I'm favor of these additions in general; supporting turbofish, reified indices and fewer imports seem like good ideas. 👍 But I'd like us to not remove things as the traits often work with things as tuples and types that are not in frunk.

ExpHP commented 6 years ago

I'm not proposing removing the traits, either; merely shifting them out of the spotlight. Almost all of them still need to exist in at least some form, anyways, as most of the methods cannot be implemented without trait-based polymorphism (so public traits are going to need to appear in trait bounds).

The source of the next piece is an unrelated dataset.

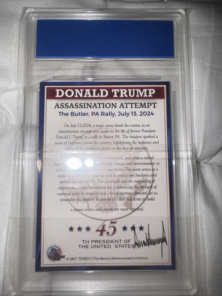 2024 Merrick Mint Donald Trump Assassination Attempt Card WCG GEM-MT 10
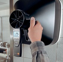 testo 417精密型風(fēng)速儀,配置一體式葉輪風(fēng)速/溫度探頭,直徑100mm,測(cè)量風(fēng)速、風(fēng)量和溫度。 直接顯示體積流量。只需輸入管道的截面積,即可精確計(jì)算出流量。可以快速切換至當(dāng)前的溫度讀數(shù)。此外,還可以顯示氣流的方向。

Centril commented 6 years ago

SGTM 👍

lloydmeta commented 6 years ago

I just have strong opinions on this topic

Awesome, and definitely welcome :)

I'm also + 💯 on all of these proposals to make frunk more ergonomic to use. From my side, the reason why these didn't exist is simple: I simply did not know/think about these techniques.

ExpHP commented 6 years ago

I ran into a problem:

list.as_ref().map(|x| x.clone())

Today, this works by having as_ref produce an &HCons, and having impl HMappable for &HCons. However, it will be impossible to define map as an inherent method on both HCons and &HCons receivers. Unfortunately this will be a huge leak in the abstraction IMO if map can always be called on plain HLists, but requires a trait to be called on borrows.

I was going to suggest possibly changing the output type of as_ref to something else (like Hlist!(&A, &B, &C, ...) or pub struct HRef<'a, H, Tail>(pub &'a HCons<H, Tail>);). However, such an idea would be a complete nonstarter here, because that as_ref method actually comes from the AsRef trait. Overriding it and changing the type would not only be a terrible idea in every way imaginable; but it would also destroy something beautiful.


Hm, here's perhaps a better idea: Simply don't add inherent methods for mapand fold, and instead just put these traits into a prelude.

There are still plenty of other methods (get, pluck, inject, etc.) that will be able to reap the benefits of becoming inherent methods, and there's also a fairly clear and intuitive line drawn for when traits need to be imported (basically whenever you need to use functions).